Templates as deployable artifacts
At scale, teams pull templates out of the codebase entirely and into a prompt registry (LangSmith, Langfuse, and PromptLayer all offer one). The template becomes a versioned, deployable artifact: prompt v14 is pinned in production while v15 runs in an A/B test, and a bad prompt gets rolled back without a code deploy. The trade-off is operational — your app now has a runtime dependency on the registry, and a template fetched at runtime is one more thing that can fail. Most teams start with templates in git and graduate to a registry when non-engineers need to edit prompts.
FAQ
What is the difference between a prompt and a prompt template?
A prompt is the finished text a model actually receives on one specific call. A prompt template is the reusable recipe for producing it: fixed instructions plus named variables. Render the template with concrete values and you get a prompt.
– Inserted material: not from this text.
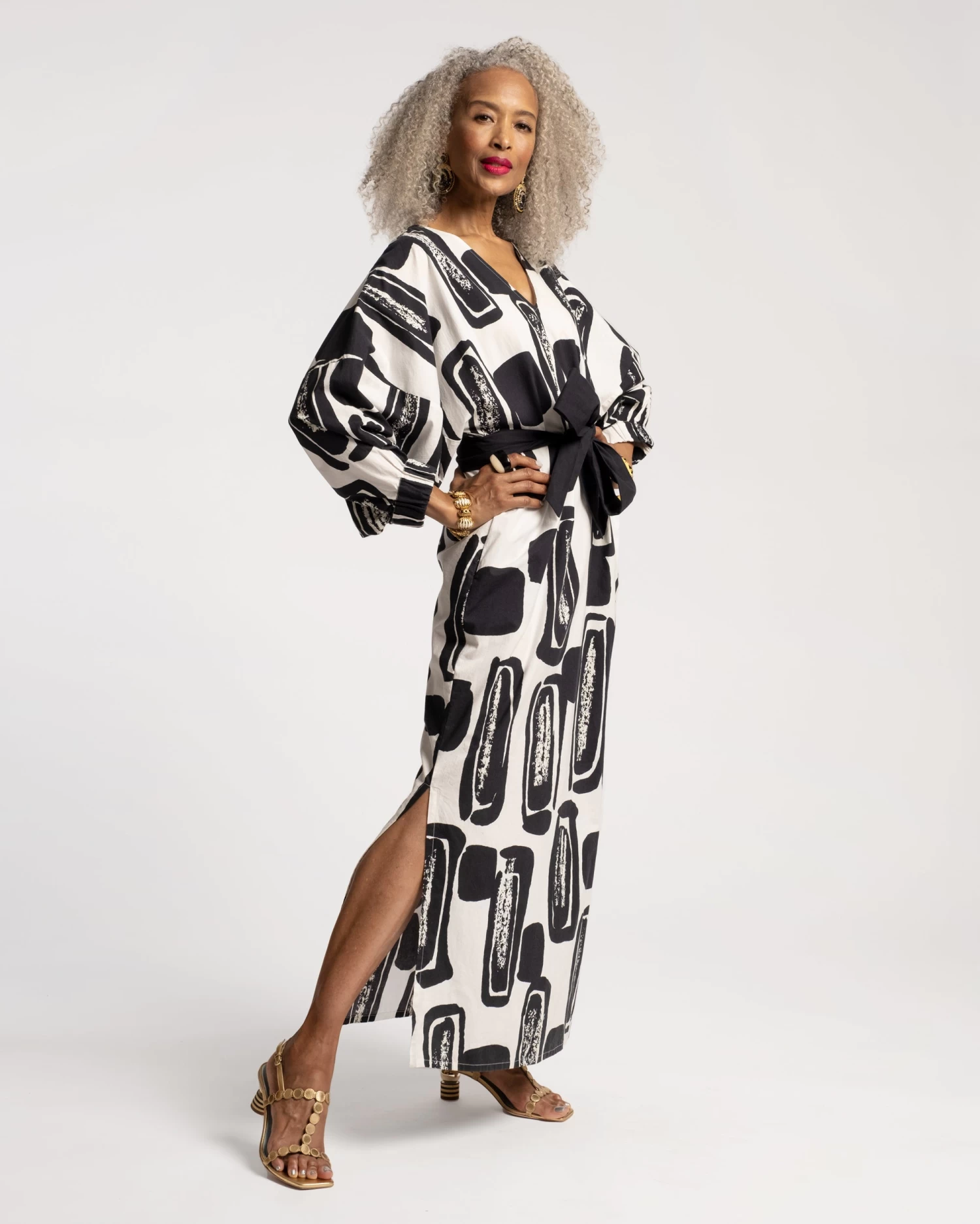 Our Rosa Caftan is an elevation of the traditional yet comfortable garment design we love for the changing seasons. Lightweight fabric with full-length coverage, this dress has balloon sleeves with elastic bands at the wrists and an adjustable belt at the waist for finding your preferred fit. Style up Rosa’s bold pattern prints with jewelry and a pop of color!

One template produces thousands of different prompts.
Should I use f-strings or Jinja for prompt templates?
F-strings are fine for prototypes with one or two variables and no optional sections. Switch to Jinja (or any real engine) the moment you need conditionals, loops over examples or documents, literal braces (JSON in prompts), or templates stored in separate files. The switch costs minutes and removes a whole class of escaping and whitespace bugs.
How do I handle optional sections in a prompt template?
Wrap the entire block — label included — in a conditional, e.g. Jinja's {% if docs %}...{% endif %}. The classic mistake is keeping the header unconditional ("Context:") while the content is optional, leaving the model a heading that points at nothing, which invites hallucination.
Can prompt templates cause prompt injection?
Templates don't cause injection, but they're where it enters: every variable filled with user-controlled or web-fetched text is an injection surface, and substitution does zero sanitization. Wrap untrusted variables in clear delimiters, keep instructions in the system message, and treat delimiters as a mitigation rather than a guarantee.
Where should I store prompt templates — in code or separate files?
Separate files in the same repo is the sweet spot for most teams: clean diffs, syntax highlighting, and prompt changes reviewed like code changes. Inline strings are acceptable for tiny prompts; a hosted prompt registry (LangSmith, Langfuse, PromptLayer) makes sense once non-engineers edit prompts or you need rollback without a deploy.
Why does my templated prompt render with missing or blank variables?
Most engines default to rendering missing variables as empty strings instead of erroring. In Jinja, construct your Environment with undefined=StrictUndefined so a forgotten variable raises immediately; in plain Python, prefer direct f-string references over dict.get() with silent defaults. A loud crash at render time beats a quietly broken prompt in production.